Reproduce all of the entries character for character, while leaving out any pictures they contain.

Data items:
§ §

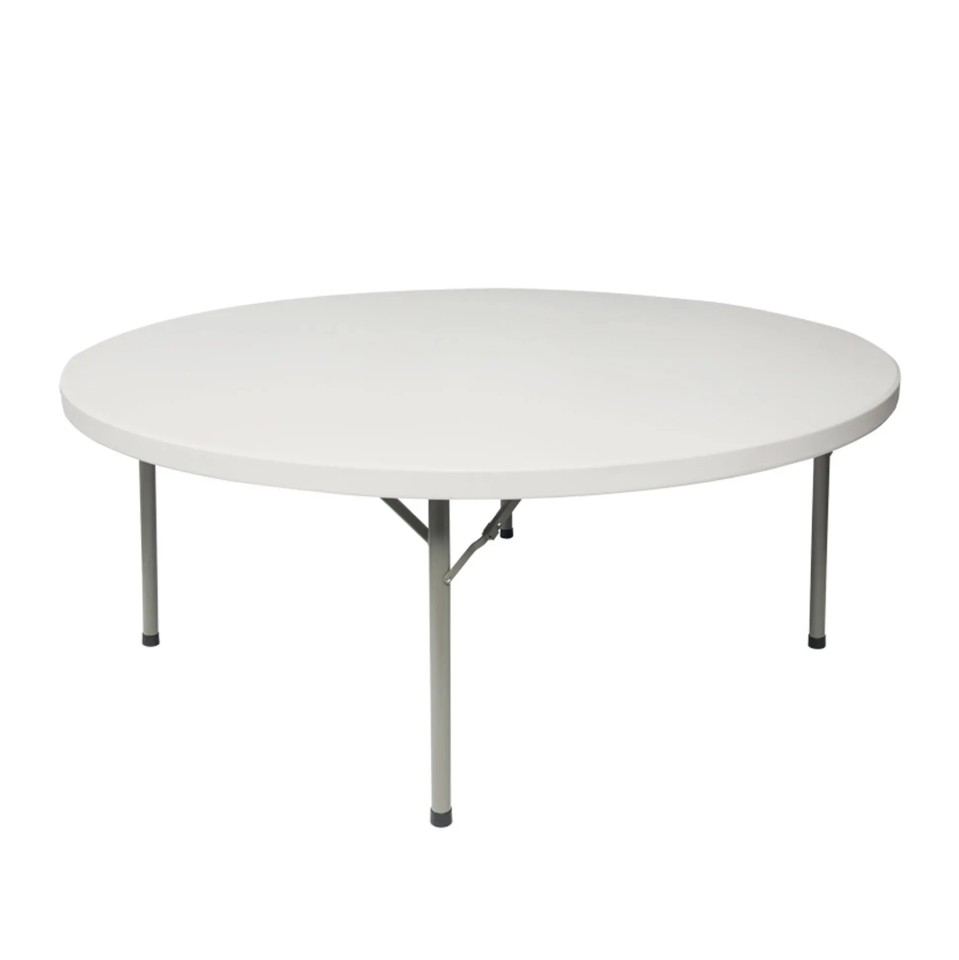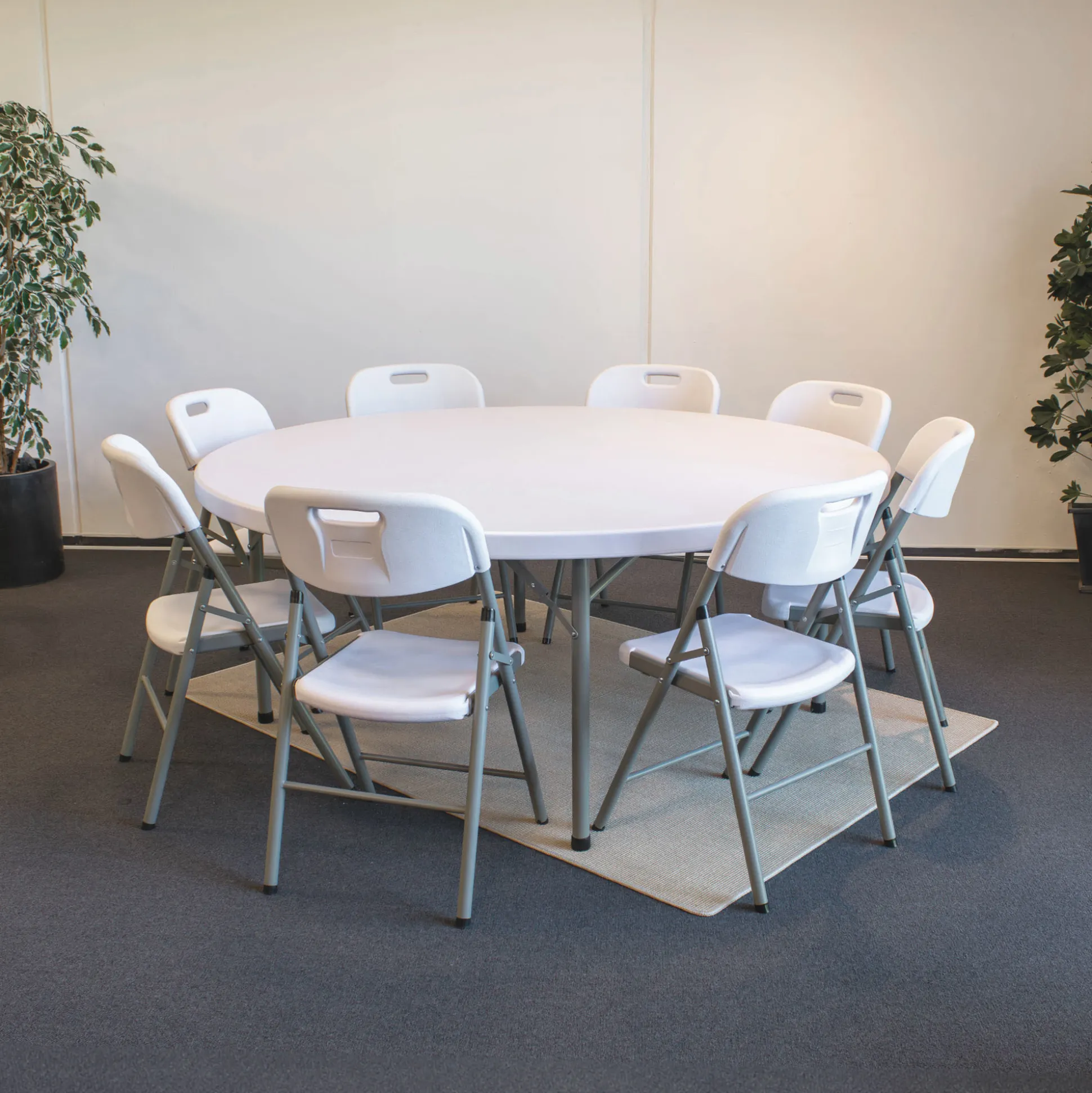 American klapbord Ø180 cm til 8-10 personer. Klapbordet er med et letvægts-stålstel og en helstøbt bordplade i hvid plast. Perfekt til både uden- og indendørsfester.
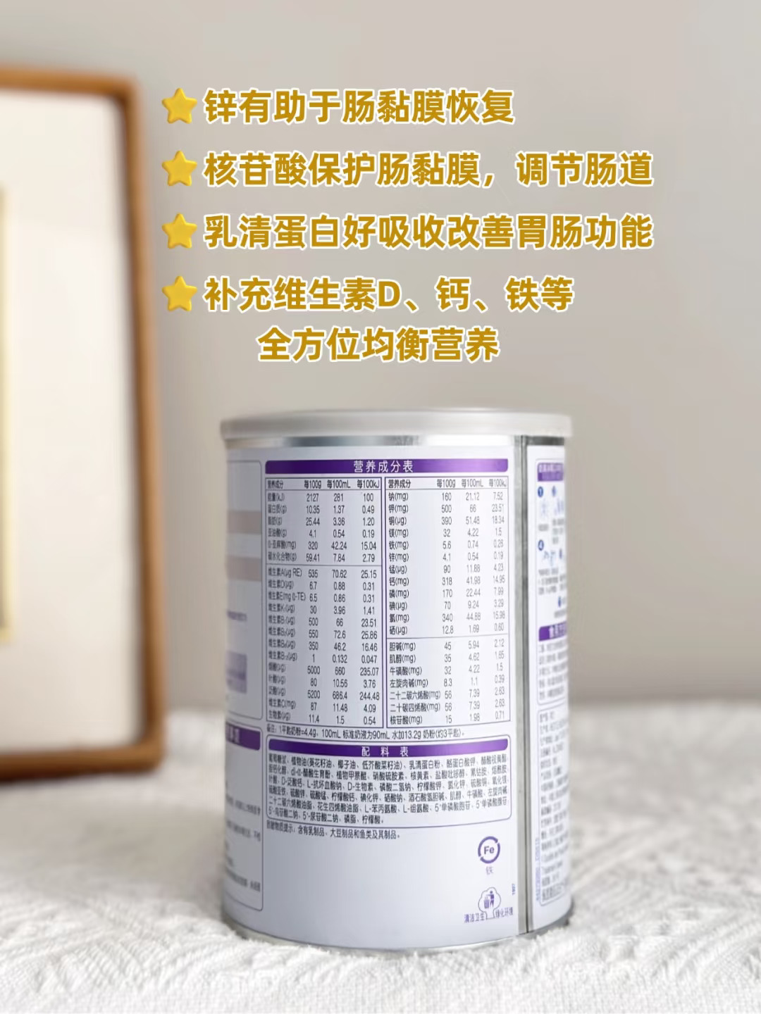 里面有维生素D、钙、铁等营养和矿物质,全方位均衡营养
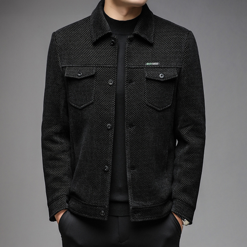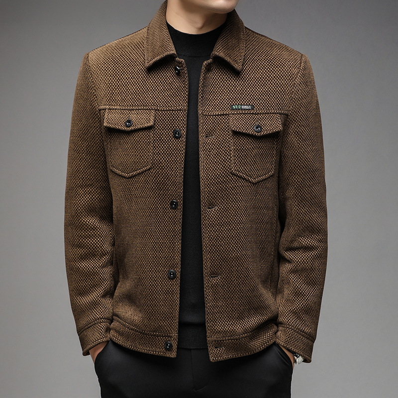 2022冬季新款时尚雪尼尔加厚外套中年男士保暖翻领休闲爸爸装夹克
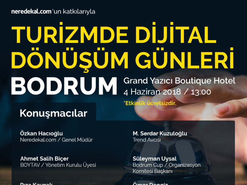Türkiye’nin otel arama motoru Neredekal.com önderliğinde, BOYTAV’ın desteği ile 04 Haziran Pazartesi günü, Bodrum Grand Yazıcı Boutique Hotel’de saat 13:00-17:00 arasında, “Turizmde Dijital Dönüşüm” konulu ve Bodrum’daki küçük-butik ve büyük otellerin katılacağı,…
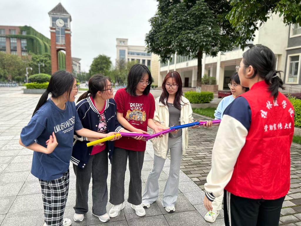 本次活动在图书馆、春华苑、钟楼、学生公寓北区等位置共设六个游园站点,33支队伍围绕游园站点,开展学生资助政策知识竞答并完成“同心击鼓”“珠行万里”“奔跑吧毛毛虫”等五个团体游戏挑战项目。各队伍提前到场预热熟悉规则,构想攻略。活动开始后,各队伍争分夺秒,迅速拉开差距。团体游戏挑战项目是对自信心、默契度、协调力等方面的综合考验,同学们在欢快的环跑游园中加深了对高校学生资助政策的认识,并在留言板上写下心声,共同向“资助”表白。赛后,各队成员均获校园文创纪念印章及站点纪念品,其中有12支队伍斩获团体奖。
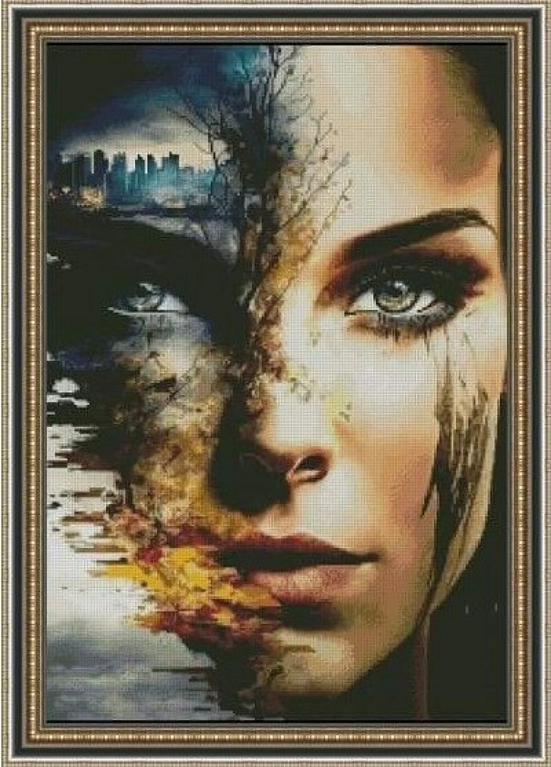 Комплектът на фирма Fantastic-R съдържа панама с игла, черно-бяла схема размер А4 и комплект конци готови за бродиране.
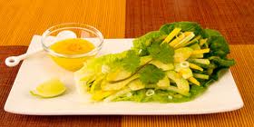 5. Place the dressing in the center of the avocado halves while the dressing is still warm.
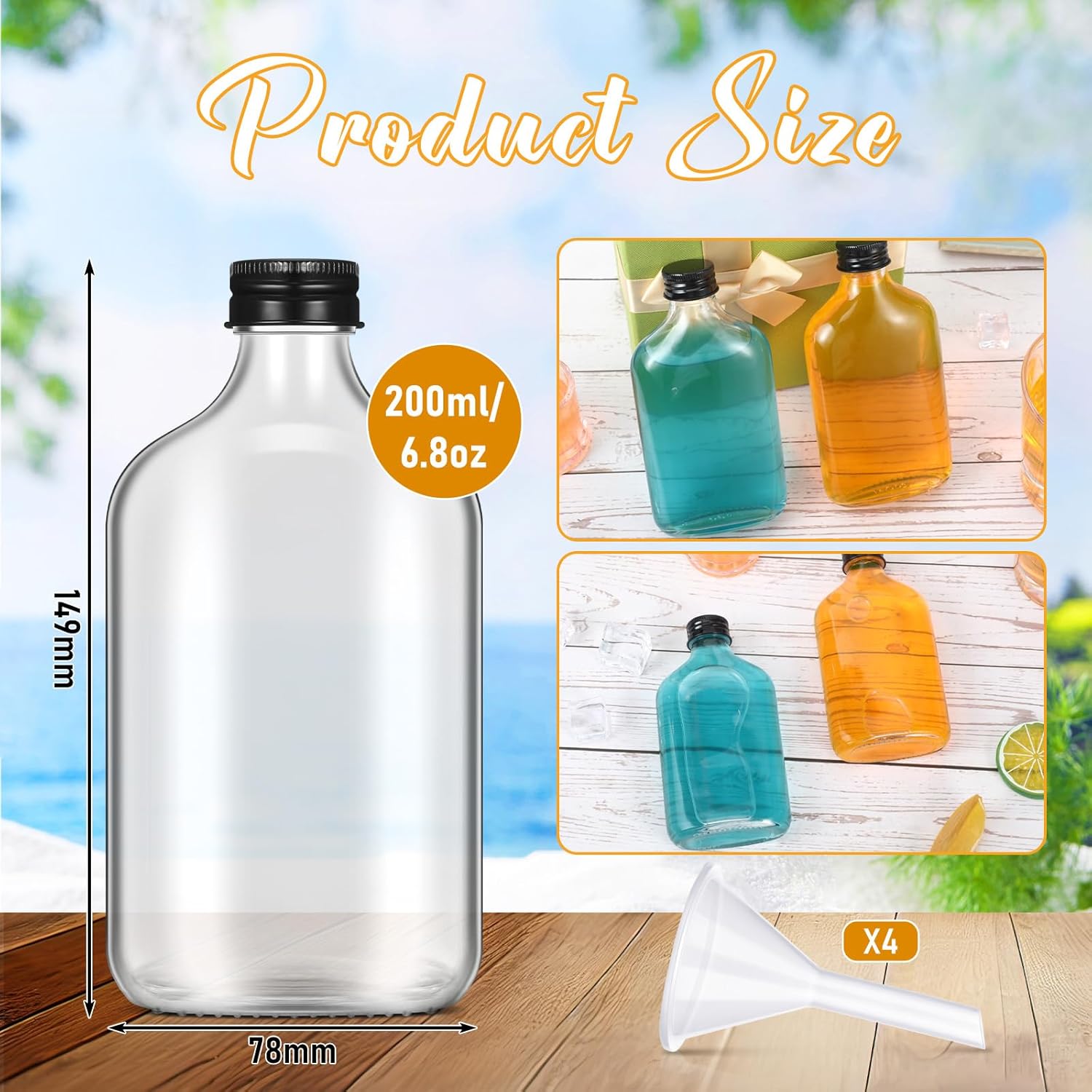 Gejoy 24 Pcs Mini Liquor Bottles Reusable Glass Flask Bottles with Black Caps Clear Empty Alcohol Shot Jars Small Champagne Jars with 4 Funnels for Wine Weddings Party Favors Christmas(6.8 oz)

§ §

Response area:
 American klapbord Ø180 cm til 8-10 personer. Klapbordet er med et letvægts-stålstel og en helstøbt bordplade i hvid plast. Perfekt til både uden- og indendørsfester.
 里面有维生素D、钙、铁等营养和矿物质,全方位均衡营养
 2022冬季新款时尚雪尼尔加厚外套中年男士保暖翻领休闲爸爸装夹克
Türkiye’nin otel arama motoru Neredekal.com önderliğinde, BOYTAV’ın desteği ile 04 Haziran Pazartesi günü, Bodrum Grand Yazıcı Boutique Hotel’de saat 13:00-17:00 arasında, “Turizmde Dijital Dönüşüm” konulu ve Bodrum’daki küçük-butik ve büyük otellerin katılacağı,…
 本次活动在图书馆、春华苑、钟楼、学生公寓北区等位置共设六个游园站点,33支队伍围绕游园站点,开展学生资助政策知识竞答并完成“同心击鼓”“珠行万里”“奔跑吧毛毛虫”等五个团体游戏挑战项目。各队伍提前到场预热熟悉规则,构想攻略。活动开始后,各队伍争分夺秒,迅速拉开差距。团体游戏挑战项目是对自信心、默契度、协调力等方面的综合考验,同学们在欢快的环跑游园中加深了对高校学生资助政策的认识,并在留言板上写下心声,共同向“资助”表白。赛后,各队成员均获校园文创纪念印章及站点纪念品,其中有12支队伍斩获团体奖。
 Комплектът на фирма Fantastic-R съдържа панама с игла, черно-бяла схема размер А4 и комплект конци готови за бродиране.
 5. Place the dressing in the center of the avocado halves while the dressing is still warm.
 Gejoy 24 Pcs Mini Liquor Bottles Reusable Glass Flask Bottles with Black Caps Clear Empty Alcohol Shot Jars Small Champagne Jars with 4 Funnels for Wine Weddings Party Favors Christmas(6.8 oz)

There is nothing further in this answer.